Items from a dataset
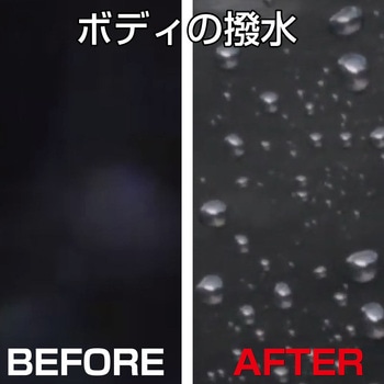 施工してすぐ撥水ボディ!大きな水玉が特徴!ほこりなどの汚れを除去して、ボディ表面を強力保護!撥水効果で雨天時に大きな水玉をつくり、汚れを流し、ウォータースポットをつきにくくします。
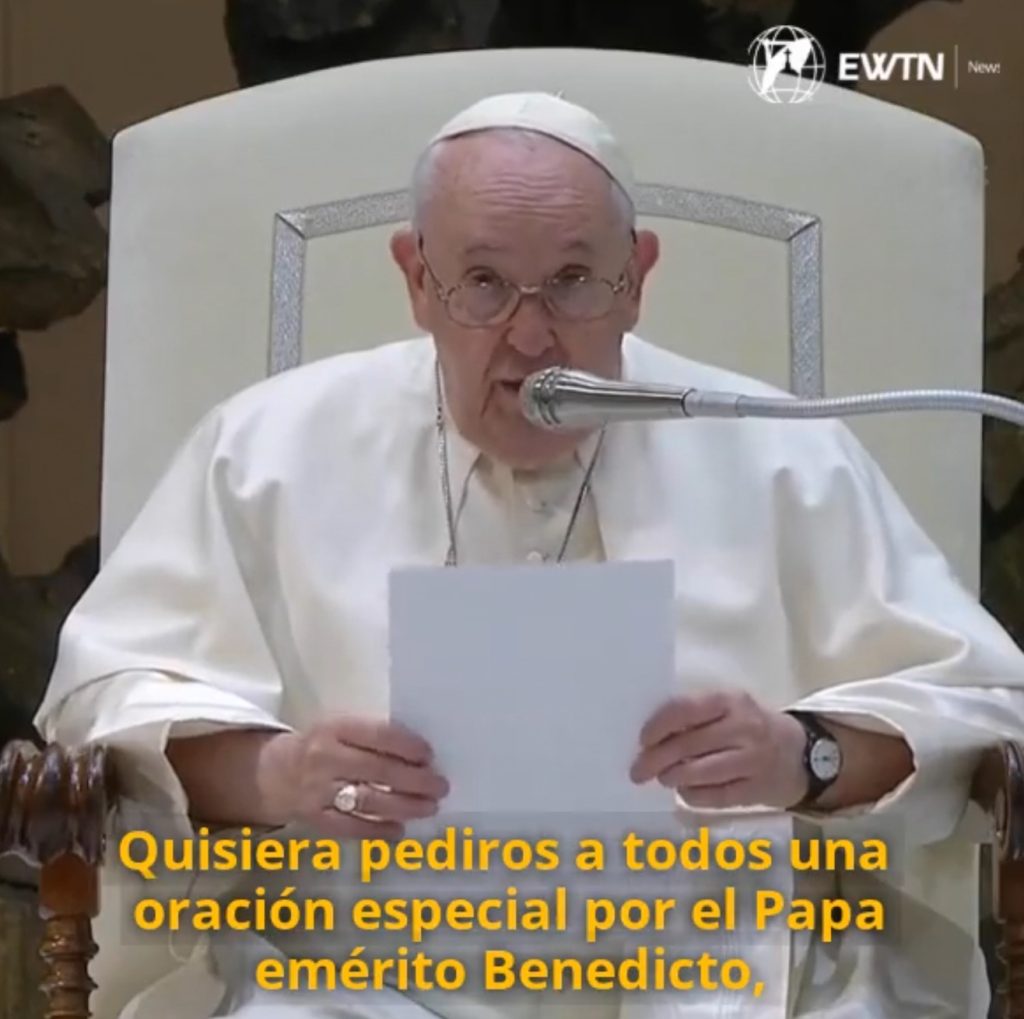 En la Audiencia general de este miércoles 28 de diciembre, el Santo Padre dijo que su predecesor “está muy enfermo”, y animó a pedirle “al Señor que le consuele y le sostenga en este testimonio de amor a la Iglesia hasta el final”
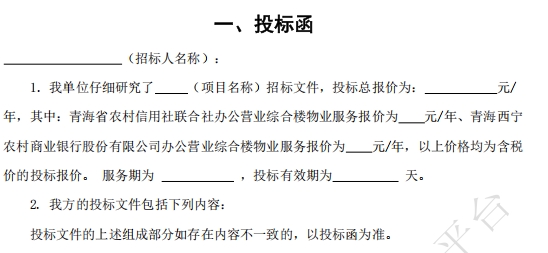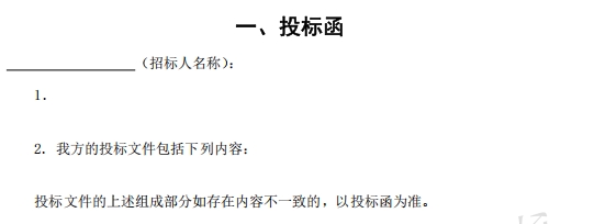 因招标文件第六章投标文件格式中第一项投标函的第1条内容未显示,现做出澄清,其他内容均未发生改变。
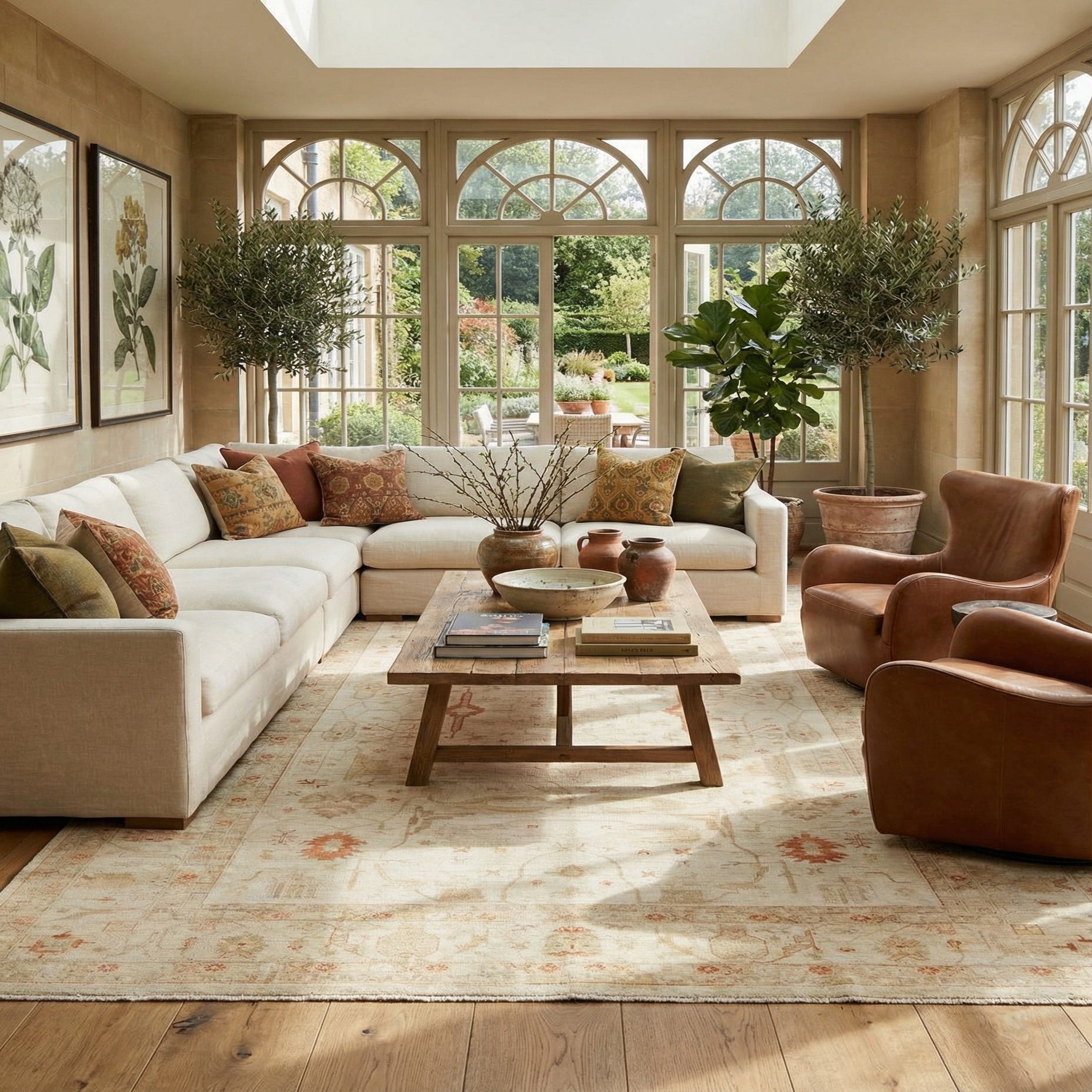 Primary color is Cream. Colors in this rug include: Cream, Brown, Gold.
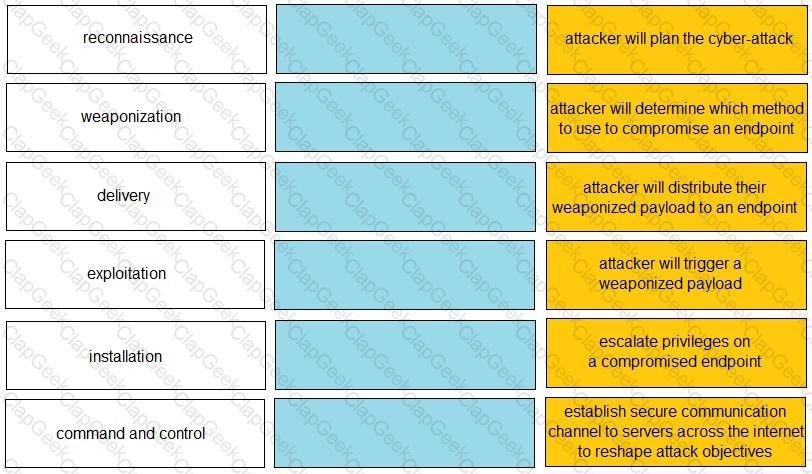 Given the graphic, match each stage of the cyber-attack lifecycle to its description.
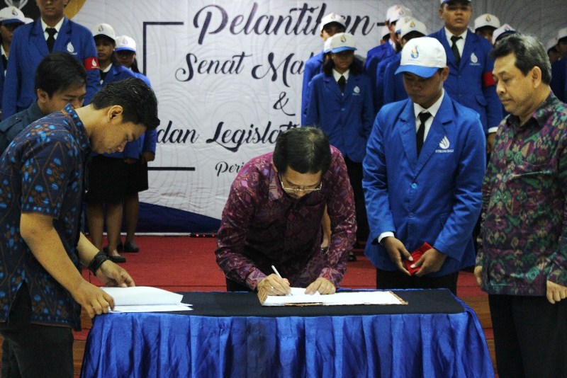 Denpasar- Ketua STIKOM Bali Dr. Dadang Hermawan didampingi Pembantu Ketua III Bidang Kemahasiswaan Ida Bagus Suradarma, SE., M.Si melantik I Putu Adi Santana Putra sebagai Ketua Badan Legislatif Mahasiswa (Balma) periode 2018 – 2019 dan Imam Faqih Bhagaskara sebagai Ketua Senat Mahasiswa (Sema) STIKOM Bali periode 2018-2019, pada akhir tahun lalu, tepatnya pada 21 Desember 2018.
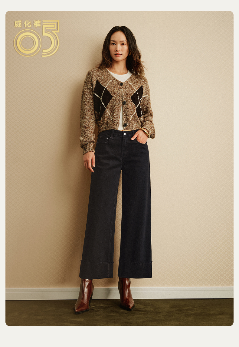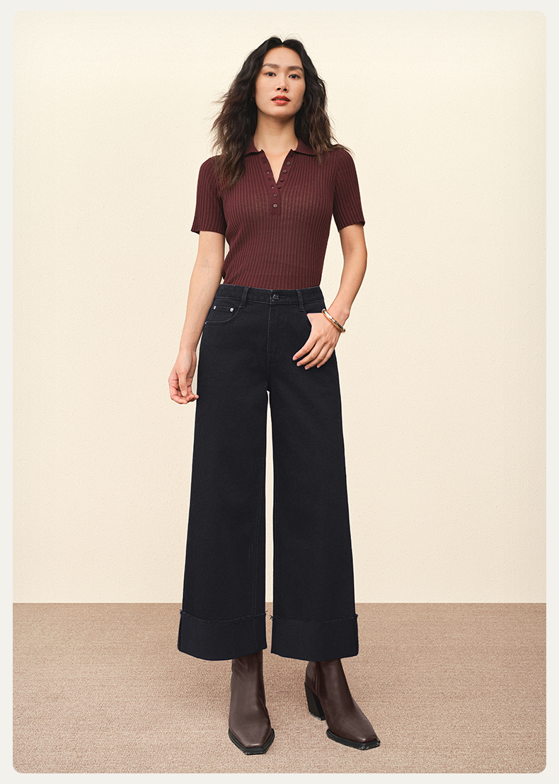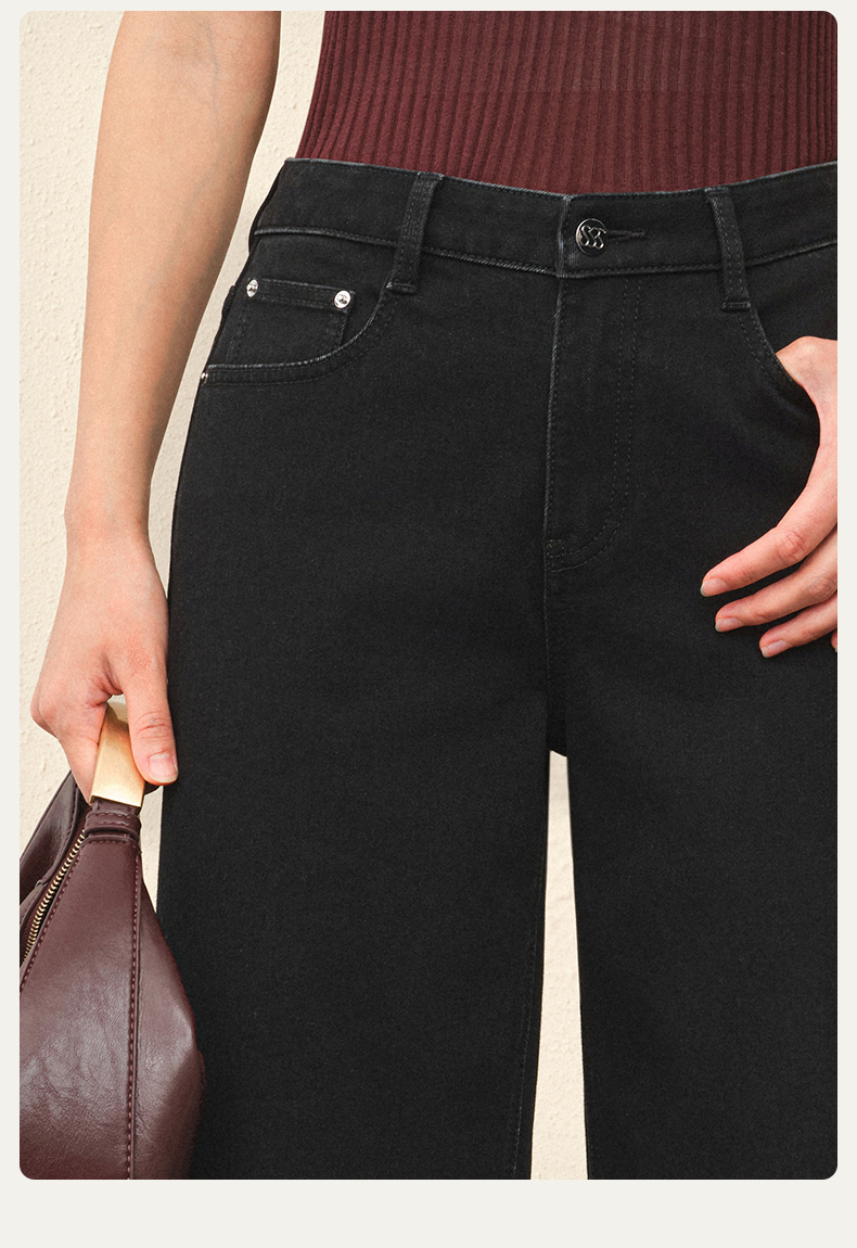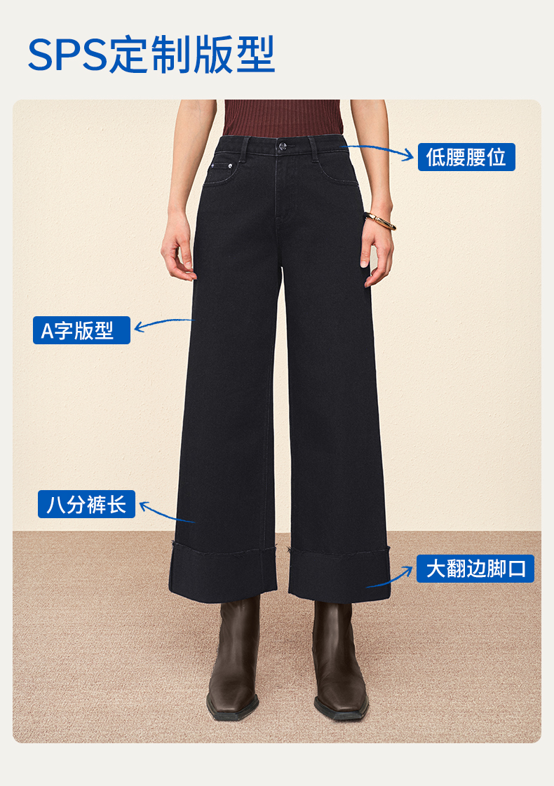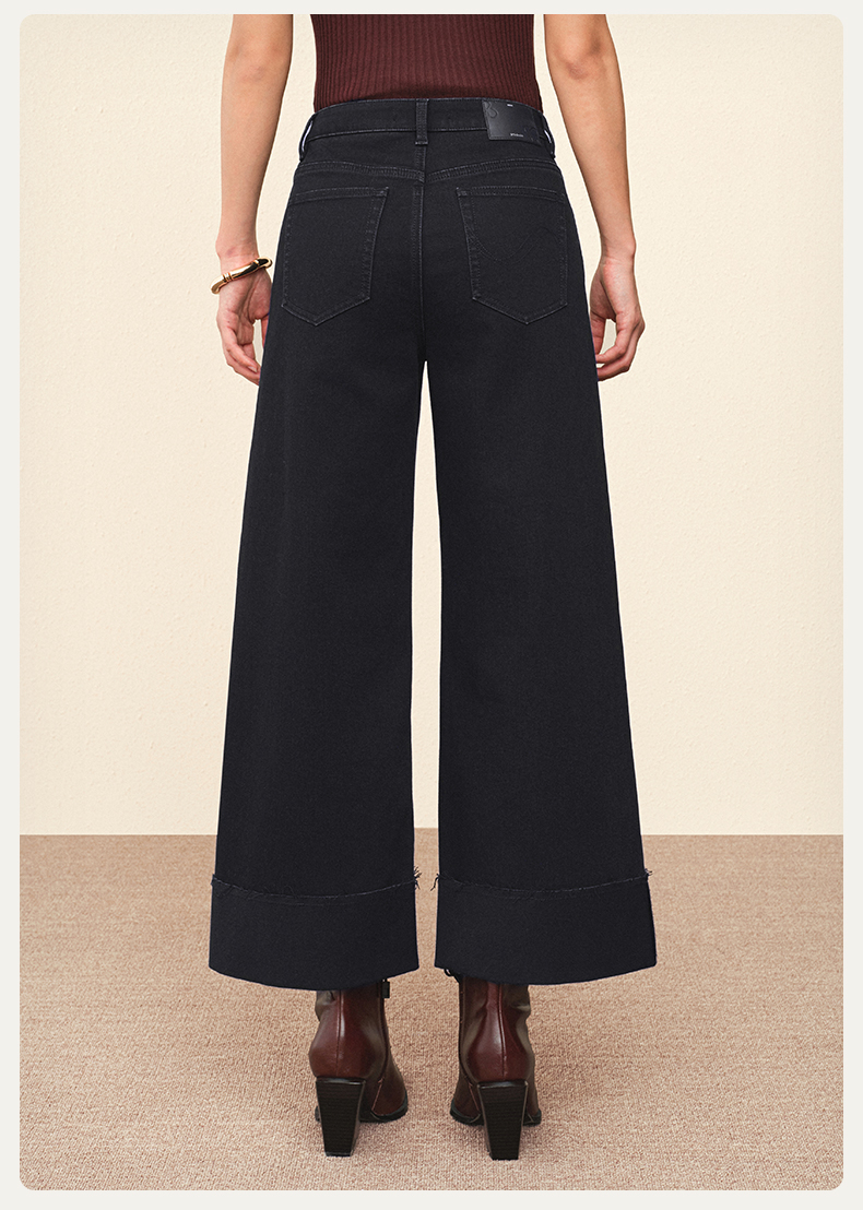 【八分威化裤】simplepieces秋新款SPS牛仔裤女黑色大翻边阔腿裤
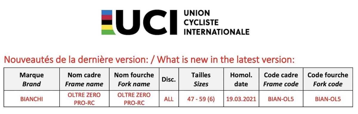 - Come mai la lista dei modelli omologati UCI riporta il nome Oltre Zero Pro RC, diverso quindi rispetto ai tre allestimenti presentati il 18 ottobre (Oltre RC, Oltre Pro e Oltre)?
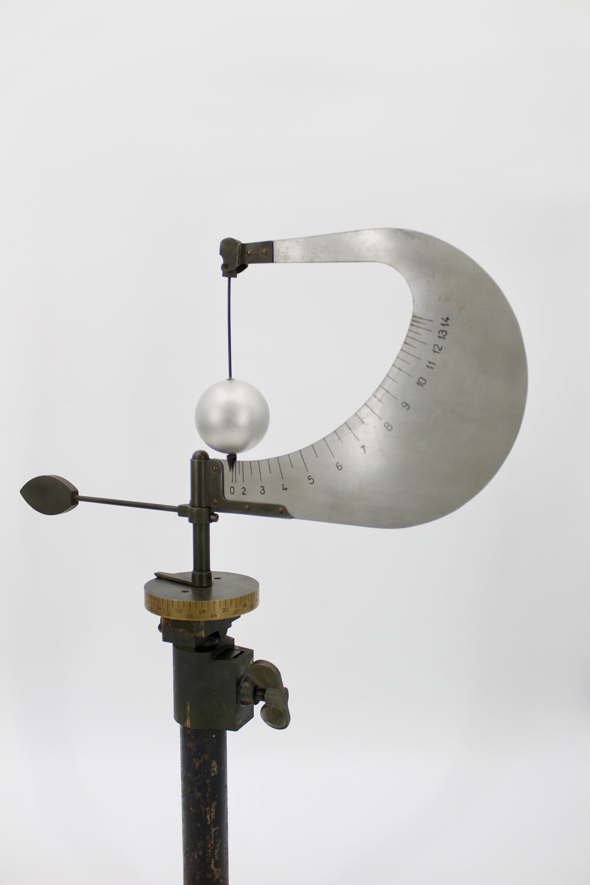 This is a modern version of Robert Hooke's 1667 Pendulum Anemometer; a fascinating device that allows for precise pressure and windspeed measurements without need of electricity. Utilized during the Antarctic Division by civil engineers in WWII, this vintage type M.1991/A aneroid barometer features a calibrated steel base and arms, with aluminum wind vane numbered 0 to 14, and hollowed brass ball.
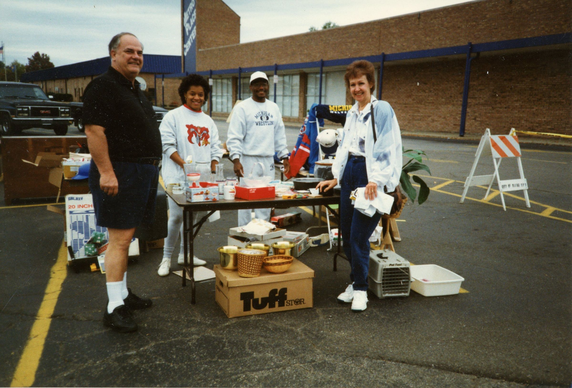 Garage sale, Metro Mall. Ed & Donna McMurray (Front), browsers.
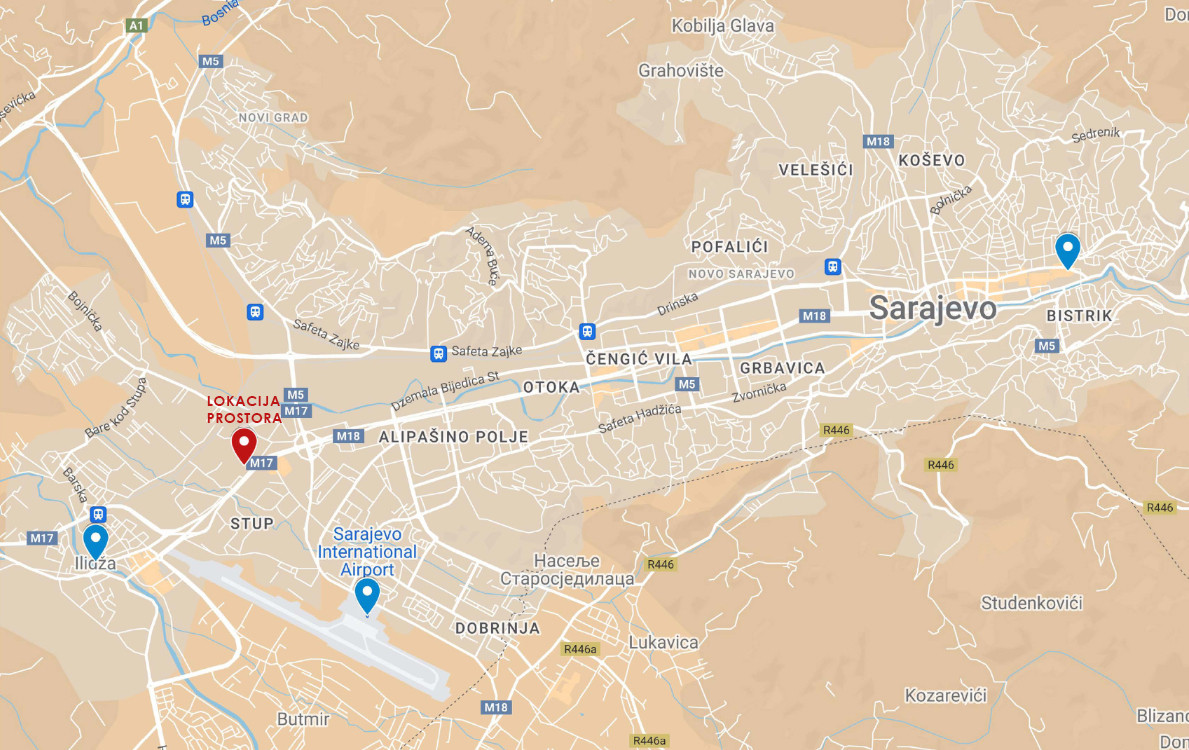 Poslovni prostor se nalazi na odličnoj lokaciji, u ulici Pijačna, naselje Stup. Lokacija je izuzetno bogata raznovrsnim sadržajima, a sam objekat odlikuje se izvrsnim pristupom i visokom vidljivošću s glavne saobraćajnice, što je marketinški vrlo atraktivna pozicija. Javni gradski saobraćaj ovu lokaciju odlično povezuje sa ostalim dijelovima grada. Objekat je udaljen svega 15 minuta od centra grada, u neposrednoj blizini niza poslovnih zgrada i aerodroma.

• [Task requirements]: Your task is to repeat the opening line of the entries above and each line after it, ending with the line that has "Garage sale, Metro". Do not include the pictures.

• [Written reply]:
 施工してすぐ撥水ボディ!大きな水玉が特徴!ほこりなどの汚れを除去して、ボディ表面を強力保護!撥水効果で雨天時に大きな水玉をつくり、汚れを流し、ウォータースポットをつきにくくします。
 En la Audiencia general de este miércoles 28 de diciembre, el Santo Padre dijo que su predecesor “está muy enfermo”, y animó a pedirle “al Señor que le consuele y le sostenga en este testimonio de amor a la Iglesia hasta el final”
 因招标文件第六章投标文件格式中第一项投标函的第1条内容未显示,现做出澄清,其他内容均未发生改变。
 Primary color is Cream. Colors in this rug include: Cream, Brown, Gold.
 Given the graphic, match each stage of the cyber-attack lifecycle to its description.
 Denpasar- Ketua STIKOM Bali Dr. Dadang Hermawan didampingi Pembantu Ketua III Bidang Kemahasiswaan Ida Bagus Suradarma, SE., M.Si melantik I Putu Adi Santana Putra sebagai Ketua Badan Legislatif Mahasiswa (Balma) periode 2018 – 2019 dan Imam Faqih Bhagaskara sebagai Ketua Senat Mahasiswa (Sema) STIKOM Bali periode 2018-2019, pada akhir tahun lalu, tepatnya pada 21 Desember 2018.
 【八分威化裤】simplepieces秋新款SPS牛仔裤女黑色大翻边阔腿裤
 - Come mai la lista dei modelli omologati UCI riporta il nome Oltre Zero Pro RC, diverso quindi rispetto ai tre allestimenti presentati il 18 ottobre (Oltre RC, Oltre Pro e Oltre)?
 This is a modern version of Robert Hooke's 1667 Pendulum Anemometer; a fascinating device that allows for precise pressure and windspeed measurements without need of electricity. Utilized during the Antarctic Division by civil engineers in WWII, this vintage type M.1991/A aneroid barometer features a calibrated steel base and arms, with aluminum wind vane numbered 0 to 14, and hollowed brass ball.
 Garage sale, Metro Mall. Ed & Donna McMurray (Front), browsers.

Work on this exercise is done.